Observability Part 2 - Security and the SOC
TL;DR
- Observable systems can support a security function but are distinctly different.
- Buzzword cloud “observability” tooling typically only covers either VMs or Linux-based systems such as Kubernetes. eBPF has some limitations to be aware of.
- Everyone uses a SIEM for the same thing, but there are dozens of products and query languages. I think AI will kill the competitiveness, and hopefully the industry will focus on getting good data in, as getting good information out can be achieved with AI.
Introduction
My observability in a nutshell post hopefully clarified the concepts behind the buzzword “observability engineering”. It’s about instrumenting your applications to emit or derive traces/logs/metrics, so that you can interrogate your distributed systems to then debug platform issues.
This post explores of some of the cross-cutting concepts between observability engineering and how it can help with cyber security.
I touch upon some of the overlaps and distinctions between logs/metrics/traces for observability and logs/metrics for your Security Operations Centre (SOC) and its Security Information and Event Management (SIEM) tools.
I’d also like to share my personal observations on the direction that detection engineering is moving towards, and where lessons from observability engineering could be applied.
Finally, I’d like to explore observability engineering and the use of eBPF for security. I’d like to explain these concepts at a high level, and how they can help with securing Linux-based systems, as well as call out some of the limitations and the potential snakeoil products out there.
Scene Setting
In my mind, there are at least four components that require their own distinction.
Firstly, there is our Information Technology (I.T). This includes workstations, on-premise servers, active directory, kerberos, WSUS servers, email servers and the likes. These devices are prime targets for threat actors, as they can contain valuable data, or can provide the initial access into core infrastructure or platform services.
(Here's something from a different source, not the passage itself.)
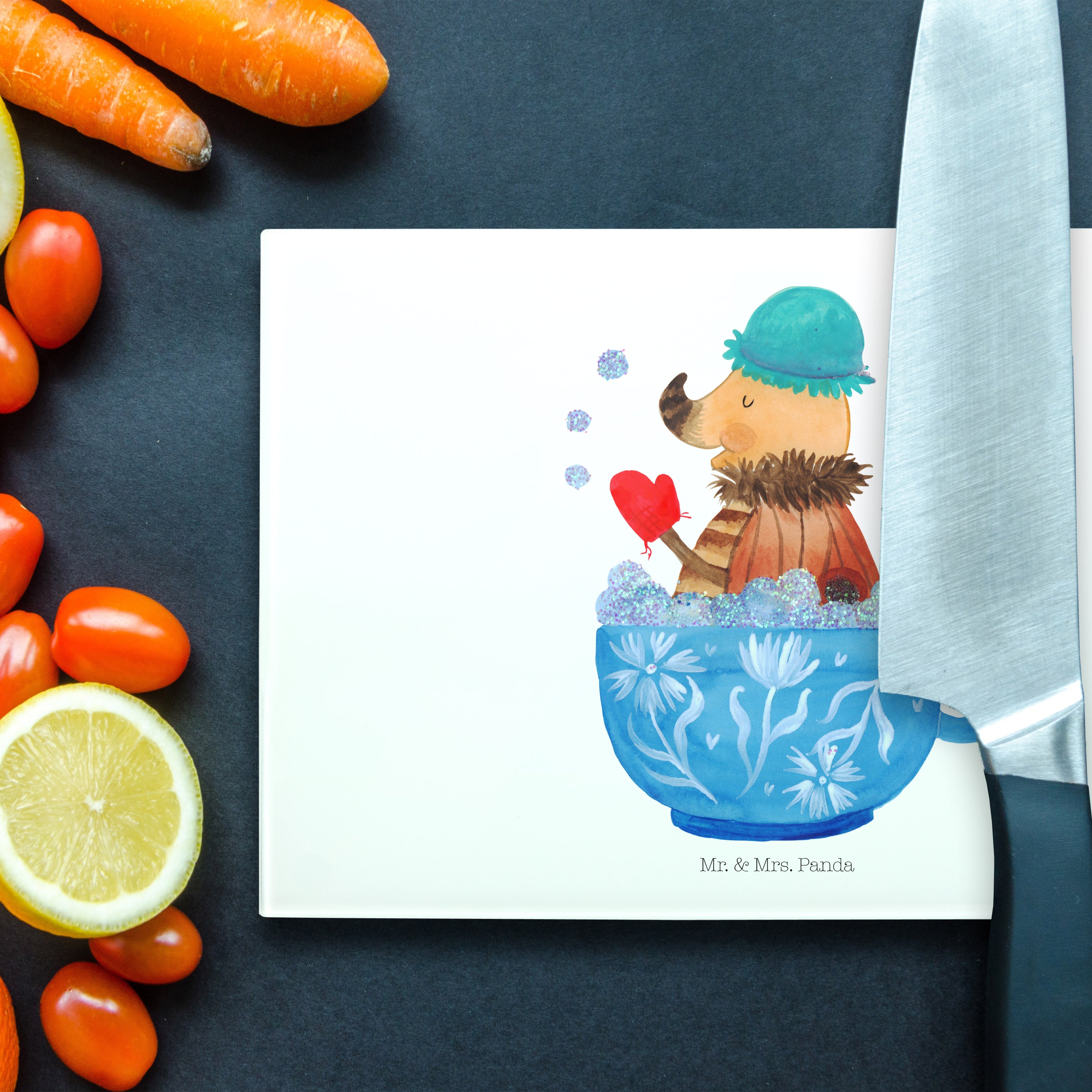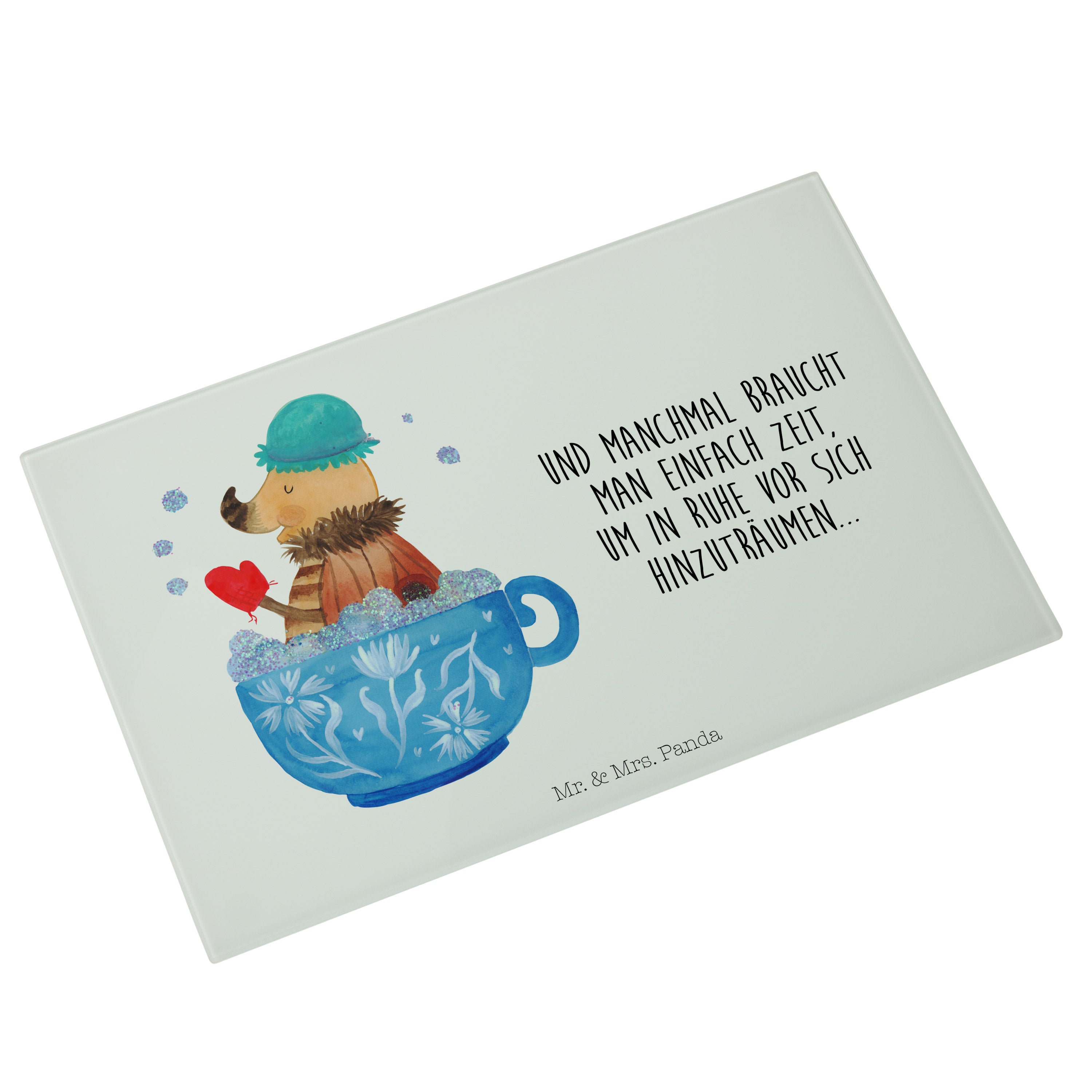 Medium Glas Schneidbrett Nachtfalter Schaumbad - mit Spruch - Weiß

This dosen’t necessarily mean on-premise, but encompasses the supporting technology behind any business.
Machines such as workstations would be protected & monitored with endpoint software, such as Crowdstrike. These internal systems are often managed through central interfaces, to assist with asset management, avoid shadow I.T, and to provide timely rollout of the latest OS and software patches.
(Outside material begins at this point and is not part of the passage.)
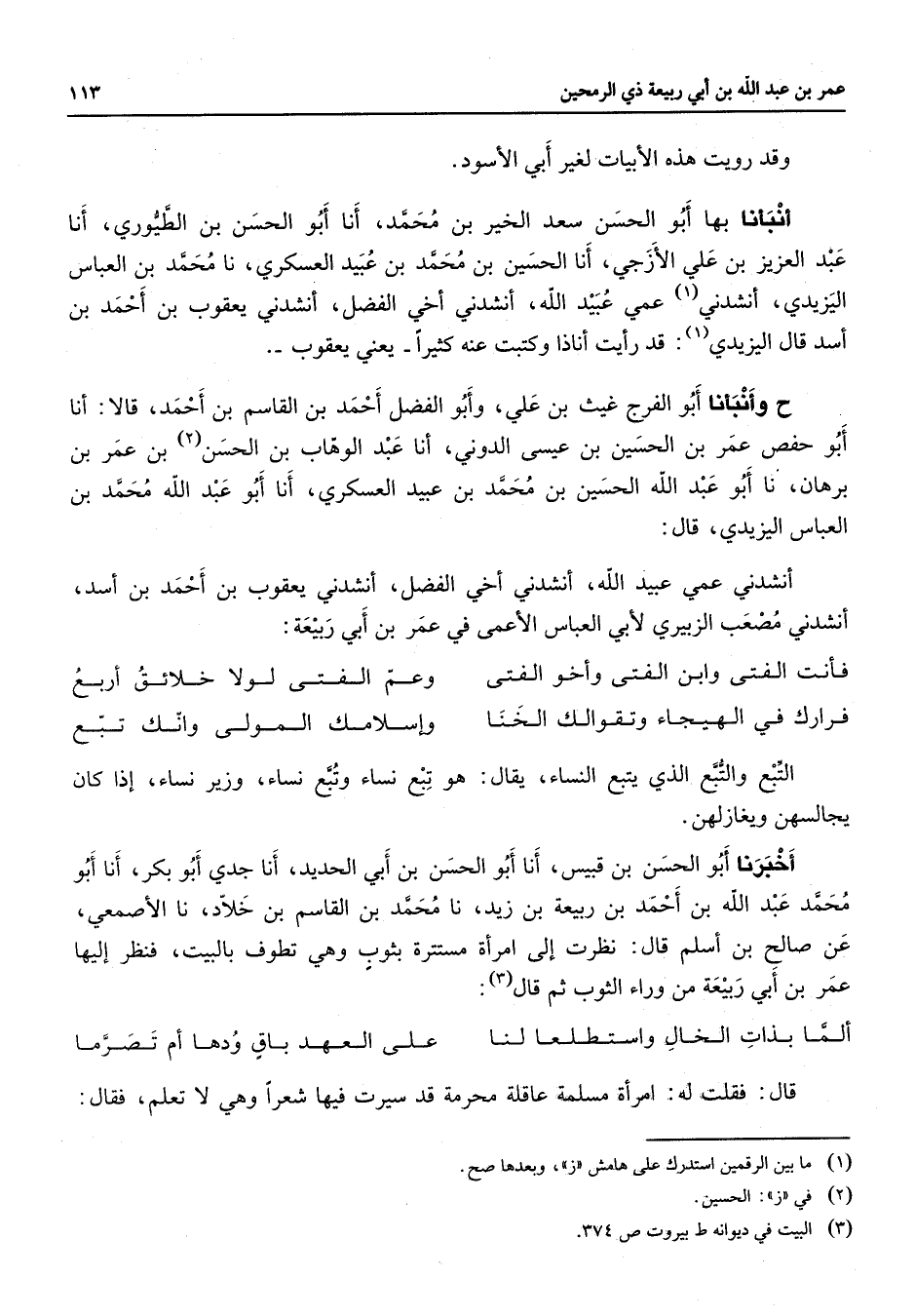 وقد رويت هذه الأبيات لغير أبي الأسود أنبأنا بها أبو الحسن سعد الخير بن محمد أنا أبو الحسن بن الطيوري أنا عبد العزيز بن علي الأزجي أنا الحسين بن محمد بن عبيد العسكري نا محمد بن العباس اليزيدي أنشدني (1) عمي عبيد الله أنشدني أخي الفضل أنشدني يعقوب بن أحمد بن أسد قال اليزيدي (1) قد رأيت أناذا وكتبت عنه كثيرا يعني يعقوب ح وأنبأنا أبو الفرج غيث بن علي وأبو الفضل أحمد بن القاسم بن أحمد قالا أنا أبو حفص عمر بن الحسين بن عيسى الدوني أنا عبد الوهاب بن الحسن بن عمر بن برهان نا أبو عبد الله الحسين بن محمد بن عبيد العسكري أنا أبو عبد الله محمد بن العباس اليزيدي قال أنشدني عمي عبيد الله أنشدني أخي الفضل أنشدني يعقوب بن أحمد بن أسد أنشدني مصعب الزبيري لأبي العباس الأعمى في عمر بن أبي ربيعة * فأنت الفتى وابن الفتى وأخو الفتى * وعم الفتى لولا خلائق أربع فرارك في الهيجاء وتقوالك الخنا * وإسلامك المولى وانك تبع * التبع والتبع الذي يتبع النساء يقال هو تبع نساء وتبع نساء وزير نساء إذا كان يجالسهن ويغازلهن أخبرنا أبو الحسن بن قبيس أنا أبو الحسن بن أبي الحديد أنا جدي أبو بكر أنا أبو محمد عبد الله بن أحمد بن ربيعة بن زيد نا محمد بن القاسم بن خلاد نا الأصمعي عن صالح بن أسلم قال نظرت إلى امرأة مستترة بثوب وهي تطوف بالبيت فنظر إليها عمر بن أبي ربيعة من وراء الثوب ثم قال (3) * ألما بذات الخال واستطلعا لنا * على العهد باق ودها أم تصرما * قال فقلت له امرأة مسلمة عاقلة محرمة قد سيرت فيها شعرا وهي لا تعلم فقال

All of these systems would spit out a mountain of logs into a Security Operations Centre (SOC), running a SIEM of choice, potentially with SOAR capabilities. SOC analysts monitor these environments (potentially 24/7), and search for Indicators of Compromise (IoC), and leverage latest threat intelligence sources to search for novel threats.
There is likely to also be a product (or service) that the company creates. The I.T systems are used to access these platform systems, to help build and manage the services, and to enable the business to function.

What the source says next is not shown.